To Grow or Not to Grow?

What is the responsibility of any given organization to grow its people professionally and as a human beings?

Employee engagement, innovation, change and disruption are all top of mind for leaders of every type of organization. So the above question is so relevant being that two thirds of people are not engaged in their jobs. Disengaged employees don’t give discretionary effort, apply creativity or embrace change and a huge factor to engagement is growth and development. As a matter of fact, LinkedIn pointed out in their recent 2018 Workplace Learning Report that 94% of employees would stay and/or be more invested in their jobs if their employer invested in them.

So I went out and asked several leadership thought leaders this exact question. Here is what they had to say:

Garth Massey, Chief Leadership Officer, MLMethods

"I'd say they have zero responsibility to grow people professionally. Professionally developing people is not a right for the employee, that is the beauty of our free market system. There is an obligation to make the work environment safe and there are laws that mandate what the minimums employees should be paid but business owners can absolutely (and often do) run their business into the ground. That is their right. However, if they want to be successful, profitable and develop their sense of achievement then they need to make choices that create the best in their company so they can get it out to the world. One of the simplest things they can do to achieve all of that is to develop themselves (first) and then their teams. It's a smart business choice if you want to find and retain the brightest people and keep pace in a rapidly changing world. That's going to look different for every company and therein lies the "art" of development but it is by no means a responsibility".

John Eades, CEO of LearnLoft and Host of the "Follow My Lead" podcast

"It’s important to remember organizations are made up of people. Organizations don’t develop people, people develop people. With that in mind, we are at a big intersection in time because the of evolution of learning opportunities on the internet. If there isn’t a deep and authentic commitment to the development of professional skill development and life skill development these companies will lose".

Catherine de la Poer, Founder of halcyon and Open Consulting Group

"Professionally yes, organizations have a duty to develop their people. In fact it’s now a commercial imperative. Talent investment and allocation will, in my opinion, decide digital predator vs digital prey over next 5yrs. As human beings, we must be accountable first and foremost to ourselves for personal development across 3-factors. Emotional-fitness, Physical-fitness and Spiritual-fitness (seeking purpose and meaning in our lives). Organizations who embrace a talent-first approach to transformation are (i) making budget available for personal development (ii) are investing in a culture and leadership development so that humans can thrive at work (iii) understand the 5 human skills that will future proof their organizations: collaboration, Emotional Intelligence, cognitive flexibility, creativity and complex problem-solving (iv) are putting in place both a physical and technological infrastructure that powers human creativity, play and innovation (v) are moving beyond a Profit only motive and re-imaging their Purpose in terms of

People + Planet + Profit ".

Garry Ridge, CEO of WD-40 and Author of Helping People Win at Work

"Our job is to make sure we create an environment where our tribe members wake up each day inspired to go to work, feel safe while they are there, and return home at the end of the day fulfilled by the work they do – feeling that they have learned something new and contributed to something bigger than themselves. This is the world we envision. If we can create this world for our people, they will take care of our customers, and that will, in turn, take care of our stockholders".

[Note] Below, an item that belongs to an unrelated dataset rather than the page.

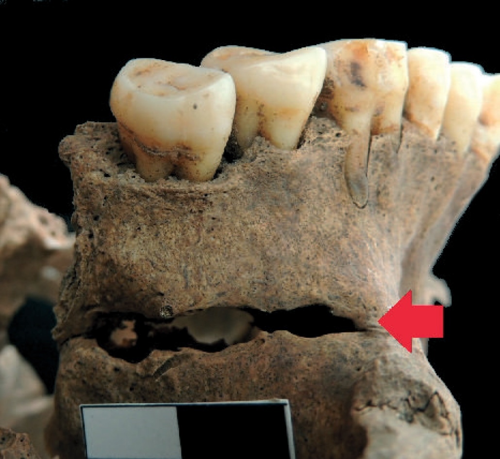 La persona enterrada estaba colocada de forma inusual: el tórax del fallecido fue colocado en posición supina y su cabeza fue separada del cuello y colocada a una distancia de 30 cm, mientras que el tejido blando aún estaba presente.

Kevin Monroe, Managing Partner, X Factor Consulting, Host of the "Higher Purpose" Podcast

"It’s times like these when my contrarian nature kicks into overdrive. Combine that with a tendency to obsess over words and word choice — this question expands rather than contracts. Let me explain, three words trip me up in this question — responsibility, organization, and grow. Can anyone actually be responsible for another person’s growth? And if you think of an organization as being the responsible party, then who in the organization is responsible? With that said, leaders in organizations are stewards of the organization’s resources. And the people within an organization are the most valuable resource (not asset - don’t get me started on that one) of that organization. When leaders provide the environment, resources, and opportunities for growth, it is one of the best investments they make and one that will provide a solid return. True growth is holistic and impacts people first as human beings and how they perform in the workplace (professional conduct)".

Howard Behar, former President of Starbucks Coffee Company and now advisor, speaker and author

"Every organization has a responsibility to grow its people! Its about helping people and making them better. The formula is:

leaders grow the people => people grow the organization => the organization grows the business

Business should be giving its people space to be creative. Making money is not what its all about. We make the world a better place and then we make money in the process. It's all about love and taking care of each other as human beings".

Powerful stuff right!

As you can see there are some differences in opinions as to the extent of organization's responsibility in people growth, however, everyone agrees that the successful, conscious and long lasting organizations prioritize their people's development not only to benefit the people within the organization but as an investment in growing the business's influence on a larger scale.

As a people or organizational leader how do you think of people development? A nicety or necessity? Is it something you weave into everything you do everyday or is it something separate when the time and resources become available?

Thank you again Garth, John, Catherine, Kevin, Gary and Howard for your insights, work and impact.